Bis[μ-3-(pyridin-2-yl)pyrazolato]bis­[acetato­(3,5-dimethyl-1H-pyrazole)­nickel(II)]

The title compound is a dimeric nickel(II) coordination compound containing two different substituted pyrazoles ligands, namely 3,5-di­methyl­pyrazole and 3-(pyridin-2-yl) pyrazole along with acetate.

Abstract

The title compound, [Ni₂(C₈H₆N₃)₂(C₂H₃O₂)₂(C₅H₈N₂)₂] or [Ni(μ-OOCCH₃)(2-PyPz)(Me₂PzH)]₂ (1) [2-PyPz = 3-(pyridin-2-yl) pyrazole; Me₂PzH = 3,5-dimethyl pyrazole] was synthesized from Ni(OOCCH₃)₂·4H₂O, 2-PyPzH, Me₂PzH and tri­ethyl­amine as a base. Compound 1 {[Ni₂(C₃₀H₃₄N₁₀Ni₂O₄)]} at 100 K has monoclinic (P2₁/n) symmetry and the mol­ecules have crystallographic inversion symmetry. Mol­ecules of 1 comprise an almost planar dinuclear Ni^II core with an N₄O₂ coordination environment. The equatorial plane consists of N₃,O coordination derived from one of the bidentate acetate O atoms and three of the N atoms of the chelating 2-PyPz ligand while the axial positions are occupied by neutral Me₂PzH and the second O atom of the acetate unit.

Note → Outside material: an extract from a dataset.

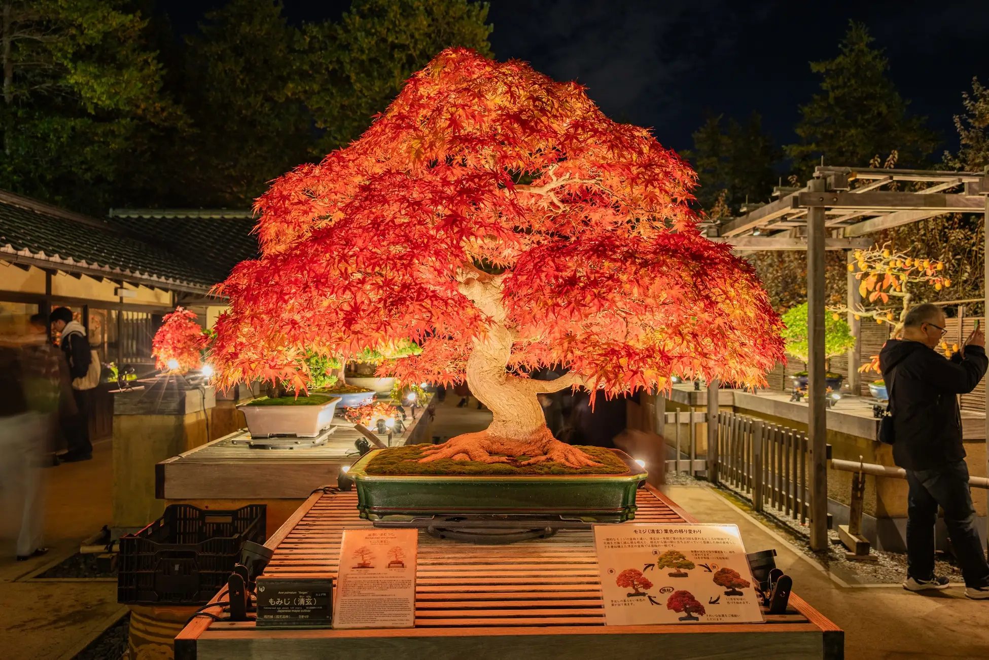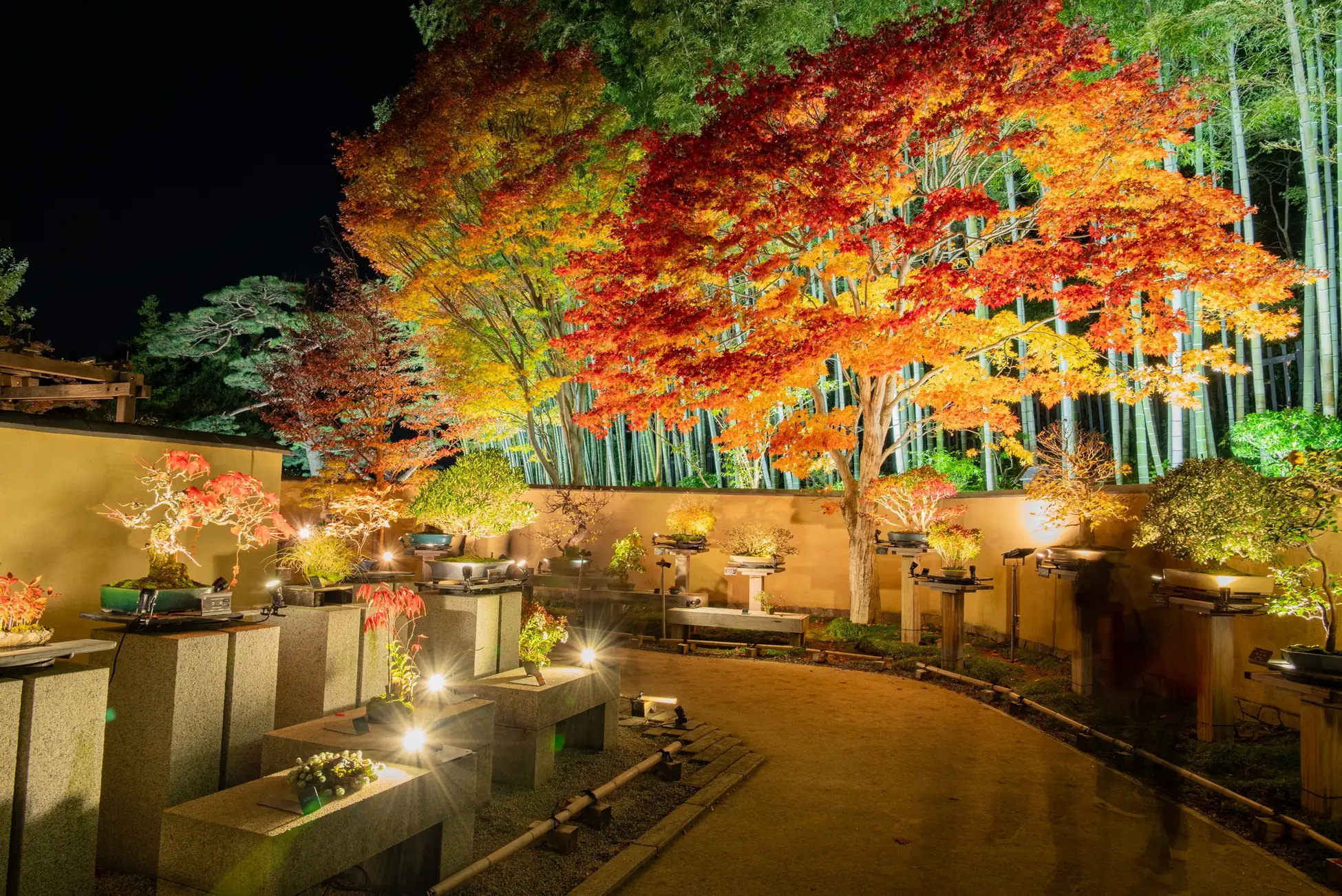 また、日本庭園内に2004年11月に我が国初の国営の本格的盆栽展示施設として整備された「盆栽苑」では、開苑から20周年を迎えた昨年に初めてライトアップを開催したところ、大変ご好評をいただいたため、今年もライトアップを実施することになりました。並べられている盆栽は国風盆栽展クラスの名品盆栽の数々で、そんな盆栽の良さを引き立てるための光の色やライティングにこだわっています。

The Ni atoms are bridged by the nitro­gen atom of a deprotonated 2-PyPz ligand. Compound 1 exhibits various inter- and intra­molecular C—H⋯O and N—H⋯O hydrogen bonds.

Structure description

Noble metals such as palladium, platinum or iridium are widely used in catalysis due to their desirable properties such as the ability to tolerate variable coordination states and oxidation states that predispose them towards catalysing two-electron redox processes, while at the same time also being sufficiently stable and thermally stable to be of practical use. A major drawback is, however, their high price and limited availability. As an alternative to scarce 4 and 5d metals, their more earth-abundant 3d congeners have been investigated, and in particular several nickel-catalysed organic transform­ation strategies were developed and established (Wilke, 1988 ▸; Keim, 1990 ▸; Montgomery, 2004 ▸; Tasker et al., 2014 ▸; Diccianni et al., 2020 ▸). These include C—C and C—X (X = heteroatom) cross-coupling (Rosen et al., 2011 ▸), cyclo­addition (Lautens et al., 1996 ▸; Komagawa et al., 2013 ▸), asymmetric hydrogenation (Vermaak et al., 2024 ▸), photo-redox catalysis (Milligan et al., 2019 ▸; Cuesta-Galisteo et al., 2024 ▸), reductive coupling (Day et al., 2023 ▸) and reductive cyclization reactions (Montgomery, 2004 ▸) to name just a few. The inability of nickel to catalyse two-electron transformations can be overcome by the placement of more than one metal atom at the catalytic centre, and dinuclear nickel complexes show an enhanced catalytic activity and a higher robustness that can be traced back to the synergistic inter­action between the two metals in the active site (Uyeda & Farley 2021 ▸; Xu et al., 2020 ▸). Nickel is also a micronutrient and essential for the biosynthesis of hydrogenase, carbon monoxide de­hydrogenase (CODH) and urease. These enzymes require more than one metal active site to catalyse the enzymatic process. This also substanti­ates the crucial role of the presence of more than one metal centre for 3d-metal-based catalysts.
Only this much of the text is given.